Baseline Characteristics

A total of 3,110 patients with diabetes were initially screened. After applying the inclusion and exclusion criteria, 886 patients were excluded (253 with non-type 2 diabetes, 160 with acute diabetic complications, 21 with a history of major cardiovascular diseases, 36 with other uncontrolled diseases, 14 with non-compressible arteries (ABI >1.40), and 402 with incomplete or missing clinical data). Consequently, 2,224 patients with T2DM were finally included in this study, comprising 1,224 men and 1,000 women, with a mean age of 61.01 ± 11.25 years. Among them, 224 patients (10.1%) were diagnosed with PAD (Table 1). Compared with patients without PAD, those with PAD were older, had a longer duration of diabetes, were more often female, and had greater waist circumference and higher systolic blood pressure. They also had a higher prevalence of hypertension, higher rates of antihypertensive medication and antiplatelet agent use, and higher levels of triglycerides, low-density lipoprotein cholesterol, blood urea nitrogen, uric acid, urinary albumin-to-creatinine ratio, TyG, TyG-WHtR, TyG-WHR, TyG-WC, and TyG-BMI (all P < 0.05). In contrast, patients with PAD had significantly lower height, diastolic blood pressure, left and right ABI, high-density lipoprotein cholesterol, eGFR, and alanine aminotransferase levels than those without PAD (all P < 0.05).

Table 1 Comparison of Clinical Characteristics Between the Non-PAD and PAD Groups

Prevalence of PAD Across Quartiles of TyG and Its Derived Indicators

The study population was divided into quartiles (Q1–Q4) for the TyG index and each derived indicator.
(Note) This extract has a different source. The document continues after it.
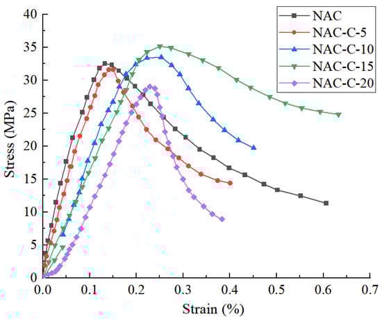 Figure 6 shows the stress–strain curves of the original concrete NAC under different CGP contents.

The prevalence of PAD increased progressively with increasing levels of TyG, TyG-WHtR, TyG-WHR, and TyG-WC (all P for trend <0.05). However, no significant difference in PAD prevalence was observed across quartiles of TyG-BMI (P for trend > 0.05) (Figure 1).

Bar chart showing PAD prevalence across TyG and derived indicators in quartiles Q1 to Q4.

Figure 1 Bar chart of the prevalence of PAD across different TyG and derived indicator groups.

Abbreviations: PAD, peripheral artery disease; TyG, triglyceride–glucose index; WHtR, Waist-to-height ratio; WHR, Waist-to-hip ratio; WC, Waist circumference; BMI, Body mass index.

Notes: *Indicates P < 0.05, ***Indicates P < 0.001, blank indicates P > 0.05.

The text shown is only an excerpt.